The root cause of all these problems is that "firmware" is not perfect. By firmware, I mean things below the OS, including the code that runs in the disk interfaces (SATA interfaces on the motherboard, SAS HBAs), whatever is in the storage IO path like SAS expanders or SATA multiplexers, and the disk drives themselves. Ideally, they should all have relatively short timeouts (30 or 90 seconds), where any uncompleted IO request gets correctly aborted. One has to include the lowest levels of the kernel in the term "firmware", because the kernel drivers for certain hardware (like SCSI HBAs) needs to participate in keeping track of the state of pending IOs, and clearing aborted or stuck IOs. In practice, all that code has bugs. Usually they cause one of the parties to forget an IO (typically after an error), so the other party waits "forever" for the IO to complete.
I'm sorry if the following makes you even more depressed ... but reality can be ugly.

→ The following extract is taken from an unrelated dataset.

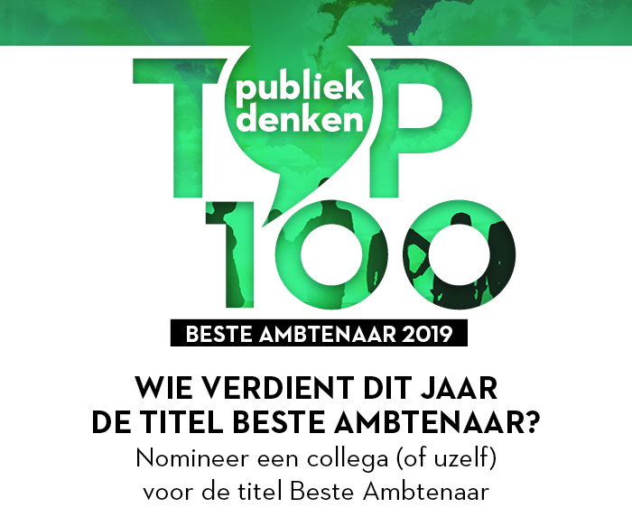 Met de Publiek Denken Top 100 richten we de schijnwerper op succesvolle sleutelfiguren bij de overheid, die vaak achter de schermen opereren. Wat maakt hen tot een voorbeeld voor anderen? Nomineren is mogelijk in zes categorieën: 1) rijksoverheid management, 2) rijksoverheid beleid en 3) rijksoverheid uitvoerend/ondersteunend en 4) decentrale overheden management, 5) decentrale overheden beleid en 6) decentrale overheden uitvoerend/ondersteunend. Wil jij je collega nomineren, dat kan tot 14 oktober op https://publiekdenken.nl

Usually a hardware reset fixes these problems, because it is sent to not only the motherboard, but also to the disk interfaces. Typically, that clears whatever stuck software state is causing the hang. But I have seen individual disk drives that are so broken that they will hang the bus on the next reboot, and make booting impossible. I had one at home (SATA disk attached directly to the motherboard, with a low-cost motherboard), and I had one at home (high-quality SAS disk with verified firmware version, installed the most expensive disk enclosure ever built, and connected to a very high-quality computer). We ended up having to do a binary search among several hundred disks to find out which disk needs to be physically removed to allow the machine to reboot. No amount of IPMI or remote management/reboot would have helped against cases like that.
This just means that you going home at lunch may be a necessary reality.